Where is Sean Penn when we need him? The actor, who used to travel to Caracas to visit his "friend" - the late President Chavez, in what the normally outspoken left-winger seemed to consider a socialist paradise - is missing in action. He must have lost his script. Now that his utopia is killing people, he has nothing to say. Come to think of it, where's the rest of Hollywood on this crisis?

For Venezuelans, at this point, the idea of being rescued by anyone must seem like a distant fantasy. Before you can get liberated, you have to get attention. The country is located in a part of the world - Latin America - that New York media bosses and Washington politicians have traditionally neglected.

Former Secretary of State Condoleezza Rice has admitted that she should have paid closer attention to the region. I blame geography. From the vantage point of the East Coast, "foreign policy" usually means Europe, Russia and the Middle East. Not Latin America.

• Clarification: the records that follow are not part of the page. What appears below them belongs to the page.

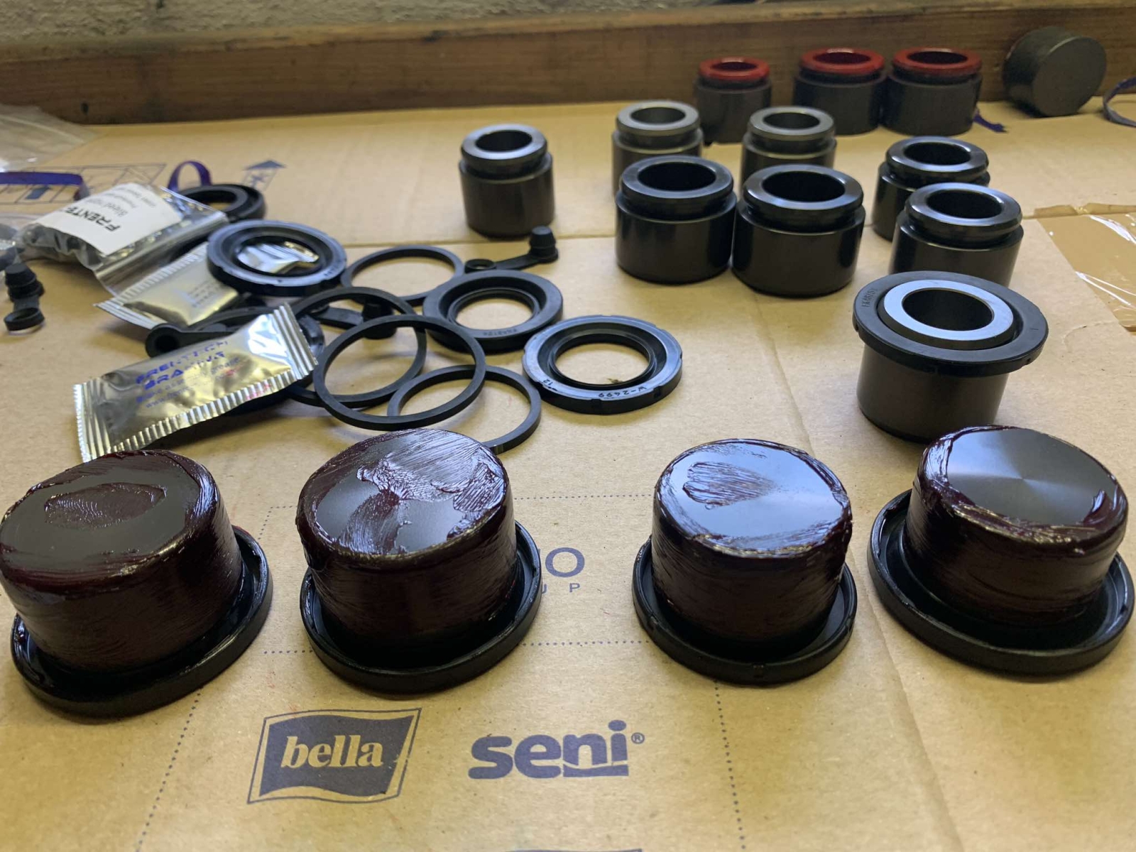 Brzdiče byly odlakované, opravily se závity, nalakovaly se a poté do nich byly vloženy nové těsnící gumy a válečky.
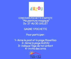 Vous voulez découvrir les pochettes? Auzou offre un concours jusqu’au 30 juillet qui se déroule sur la page facebook 2 jolies pochettes à gagner https://www.facebook.com/maxetlisaofficiel/
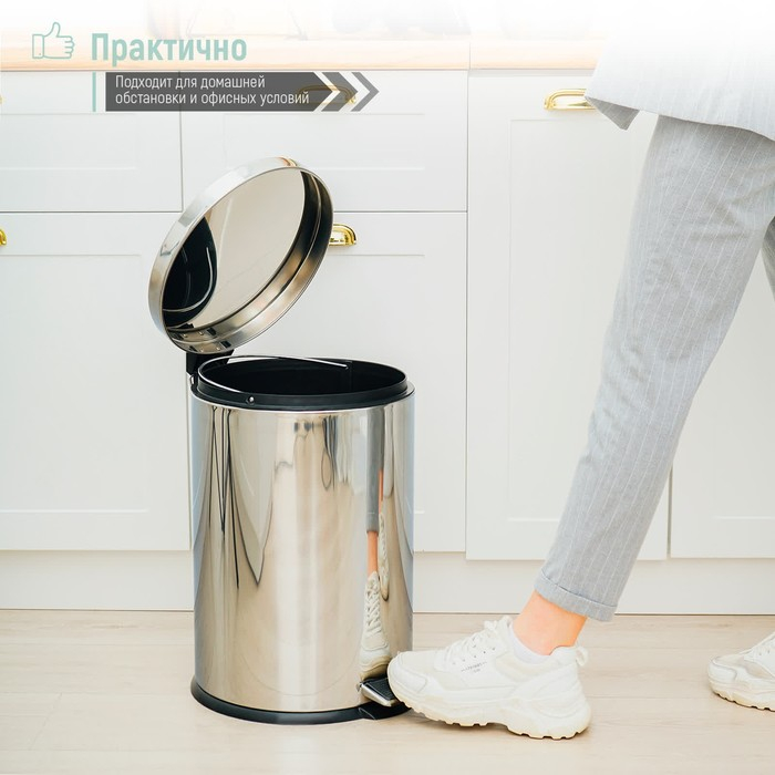 - Удобство использования: педаль для открытия крышки позволяет избежать контакта с поверхностями, что улучшает гигиену.
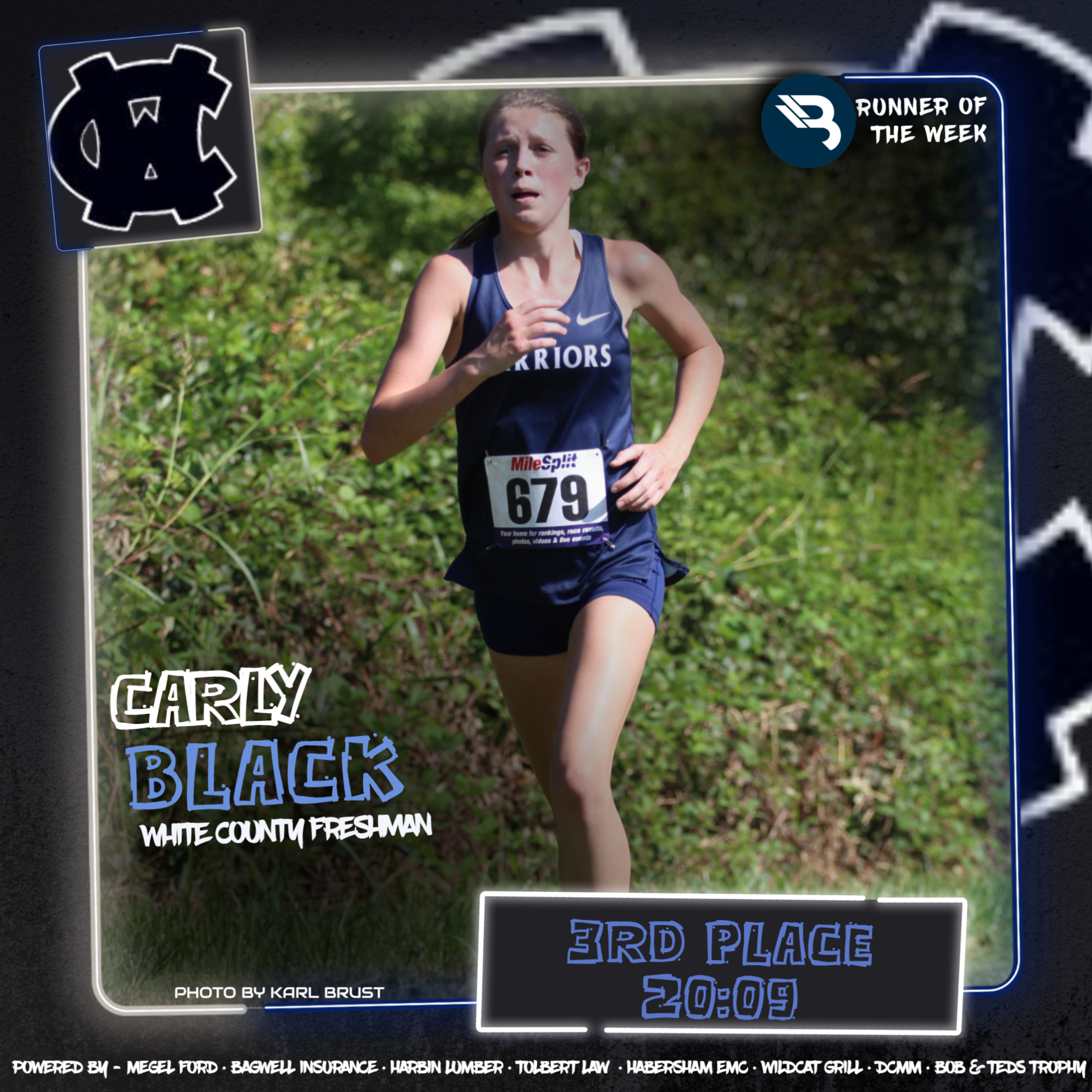 The freshman phenom is at it again. Carly Black for White County came in 3rd place with a 20:09 at the Mountain Invite last week, earning her second POW award.

Still, it's a heck of a story. Too bad the mainstream U.S. media have been late to cover it. Ironically, newspaper reporters and network correspondents have done a much better job of keeping Americans informed of what is happening many thousands of miles away in Kiev, the Ukrainian capital, than they have in monitoring the events unfolding much closer to home in South America.

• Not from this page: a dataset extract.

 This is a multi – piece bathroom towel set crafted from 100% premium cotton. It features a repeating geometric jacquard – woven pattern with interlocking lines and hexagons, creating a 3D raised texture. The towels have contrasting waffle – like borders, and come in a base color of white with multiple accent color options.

Besides, the unrest is framed differently. When people rise up against their government in Ukraine, the media call it a revolution and present those stories in a positive light. But when it happens in Venezuela, you are not likely to hear the word "revolution" and you might hear it described as simple unrest.

It all amounts to a crisis in our backyard that President Obama is not up to dealing with. He has been tested like this before, and he failed. Remember the Green Revolution protests in Iran, which began in 2009? Obama's tepid response in the face of repression and bloodshed empowered President Mahmoud Ahmadinejad and put the global community on notice that he is not interested in the United States being the world's policeman, let alone its savior.

Whereas Teddy Roosevelt advised speaking softly and carrying a big stick, and other presidents have liked to talk tough and work the levers of diplomacy, Obama prefers to keep quiet.

That's not good enough. The United States is in the freedom business. When people stand up for freedom, we ought to stand with them. And if that means pushing for international sanctions against the Maduro government or imposing an embargo on a valuable commodity like Venezuelan oil, then so be it.

Forgive us, Venezuela. Americans are late to this crisis. But you have our attention now. And if common sense and decency prevail, we'll have your back.